The repo provides reference architecture to deploy Apache Ranger on Amazon EMR. Apache Ranger is a framework to enable, monitor, and manage comprehensive data security across the Hadoop platform. Features include centralized security administration, fine-grained authorization across many Hadoop components (eg - Hadoop, Hive, HBase, Storm, Knox, Solr, Kafka, and YARN) and central auditing. It uses agents to sync policies and users, and plugins that run within the same process as the Hadoop component, like NameNode and HiveServer2.
The repo contains code tied to following AWS Big data blogs:
- Introducing Amazon EMR integration with Apache Ranger
- Authorize SparkSQL data manipulation on Amazon EMR using Apache Ranger.
- Enable federated governance using Trino and Apache Ranger on Amazon EMR (New!)
- Implementing Authorization and Auditing using Apache Ranger on Amazon EMR
- [Coming soon] Implement Fine Grained Access Control in Amazon SageMaker Studio and Amazon EMR using Apache Ranger and Microsoft AD - will show how users can control access to AWS S3 and Catalog tables centrally using Apache Ranger, Sagemaker and EMR
NOTE: the code has gone through unit and functional test against a few recent versions of Amazon EMR. It is likely that it may not work with all EMR versions. Code/plugin marked as beta has not been suitable for production use.
Please submit Pull Request or to create an Issue
Module | Description | Architecture | Details |
---|---|---|---|
V2 | Open Source Ranger Plugins with Kerberos enabled cluster and AD | Deploy a Kerberos enabled EMR cluster using Windows AD, Hive and HDFS plugins and optional Presto and HBase Plugin | |
V3 | EMR Native plugins for Spark/S3 with Kerberos enabled cluster and AD | Deploy a Kerberos enabled EMR cluster with the Amazon EMR native integration of Apache Ranger - Supports Hive, Spark and Amazon S3 |
Module | Tag | Region | Region Code | Cloudformation stack | Apache Ranger Version | EMR Version | Supported Plugins |
---|---|---|---|---|---|---|---|
V2 | 2.0 | US East (Virginia) | us-east-1 | Step1 - Setup VPC/AD server - Step 2 - Setup the Ranger Server/RDS Instance/EMR Cluster - |
Apache Ranger 2.1 | emr-5.30.1, emr-6.1.0, emr-6.2.0 | Hive 2.x, Hadoop 2.x, PrestoSQL 338/343, PrestoDB 0.227/0.232 (Presto plugin needs Ranger 2.0) |
V3 EMR Ranger GA Launch | 3.0 | US East (Virginia) | us-east-1 | Step1 - Use this script to Upload SSL key and certs to AWS Secrets Manager Script Step2 - Setup VPC/AD server Step 3 - Setup the Ranger Server/RDS Instance/EMR Cluster |
Apache Ranger 2.4 | emr-5.32.0, emr-6.3.0, emr-6.4.0, emr-6.7.0, emr-6.8.0, emr-6.9.0, emr-6.10.0 | Hive 2.x, Hadoop 2.x, Spark 2.x, Hive 3.x, Hadoop 3.x, Spark 3.x, Trino |
WARNING: The current V1 setup does not enable strong cluster level Auth (Kerberos) for EMR. Only LDAP enabled Hue UI. V2 will support Kerberos - refer to the roadmap for details.

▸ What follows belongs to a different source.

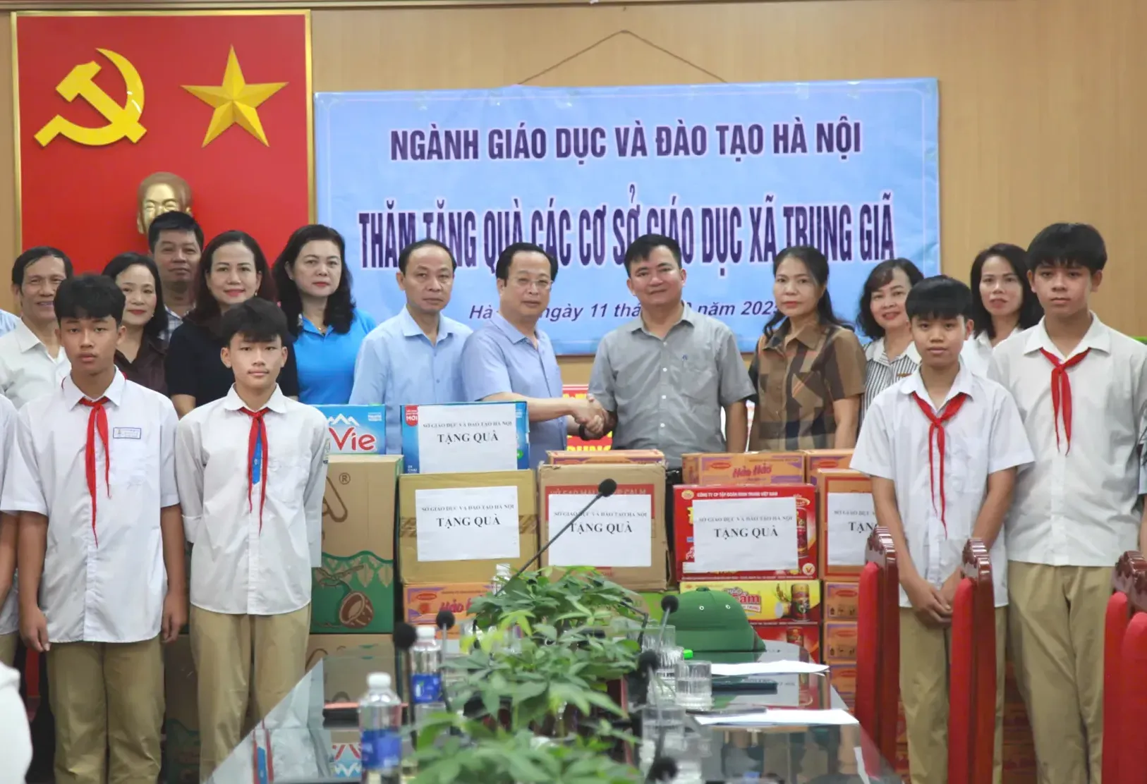 Đoàn công tác ngành giáo dục Hà Nội thăm và tặng quà các cơ sở giáo dục xã Trung Giã - nơi chịu ảnh hưởng nặng nề bởi bão lũ.

Please open Git Issues if you would like to see updates/other plugin integrations.
- Amazon EMR: https://aws.amazon.com/emr/
- EMRFS: https://docs.aws.amazon.com/emr/latest/ManagementGuide/emr-fs.html
- Amazon EMR + Kerberos: https://docs.aws.amazon.com/emr/latest/ManagementGuide/emr-kerberos.html
- Apache Ranger: https://ranger.apache.org/
- Apache Ranger + Amazon EMR Blog: https://aws.amazon.com/blogs/big-data/implementing-authorization-and-auditing-using-apache-ranger-on-amazon-emr/
- Apache Ranger Presto Plugin:
- Code for PrestoDB plugin - Link
- https://cwiki.apache.org/confluence/display/RANGER/Presto+Plugin
If you encounter a bug, please create a new issue with as much detail as possible and steps for reproducing the bug. See the Contributing Guidelines for more details.
This sample code is made available under a modified MIT license. See the LICENSE file.